The dosimetry of iodine-123-labeled TISCH: A SPECT imaging agent for the D1 dopamine receptor
Tomography, Emission-Computed, Single-Photon
TISCH is an iodinated D1 specific dopamine receptor antagonist that may be useful as a SPECT imaging agent. This report documents its pharmacological safety in animals and its radiation dosimetry in humans. The dose of radiation that 123I-TISCH delivered to seven healthy subjects was estimated with the absorbed fraction technique. Conjugate images of the body were serially acquired for up to 24 hr after the administration of a known amount of activity. The count rates in the organs that could be visualized were measured on each image.
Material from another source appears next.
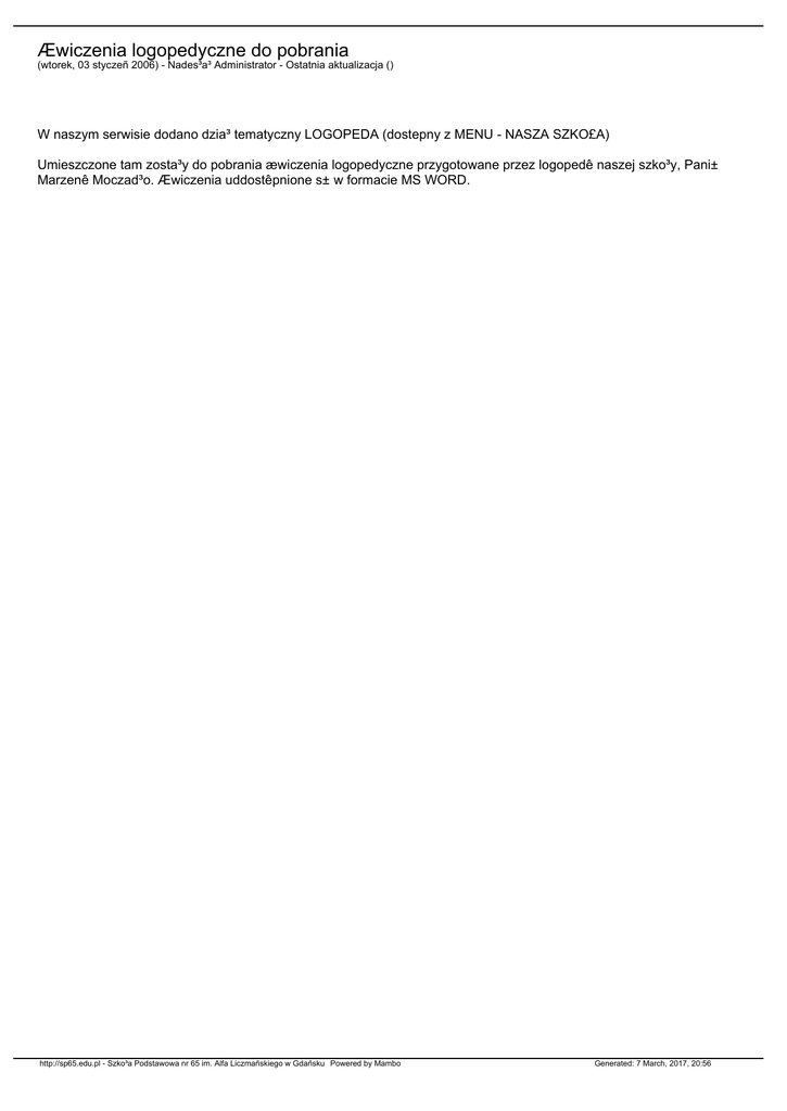 Æwiczenia logopedyczne do pobrania (wtorek, 03 styczeñ 2006) - Nades³a³ Administrator - Ostatnia aktualizacja () W naszym serwisie dodano dzia³ tematyczny LOGOPEDA (dostepny z MENU - NASZA SZKO£A) Umieszczone tam zosta³y do pobrania æwiczenia logopedyczne przygotowane przez logopedê naszej szko³y, Pani± Marzenê Moczad³o. Æwiczenia uddostêpnione s± w formacie MS WORD. http://sp65.edu.pl - Szko³a Podstawowa nr 65 im. Alfa Liczmañskiego w Gdañsku Powered by Mambo Generated: 7 March, 2017, 20:56

These count rates were corrected for attenuation with 123I transmission scans. The doses to the other organs that did not take up enough activity to be visualized on the images were estimated with established models. The dosimetry was calculated for each subject individually before the results were averaged. Rapid biological washout minimizes the radiation exposure to most organs. The dose to the large bowel is limiting in healthy volunteers. The proximal colon receives about 0.67 rad/mCi (180 microGy/MBq) or about 5 rads for every 7.5 mCi of TISCH injected. This low radiation burden should make it feasible to study the D1 dopamine receptor in patients who have neuropsychiatric disorders before and after treatment.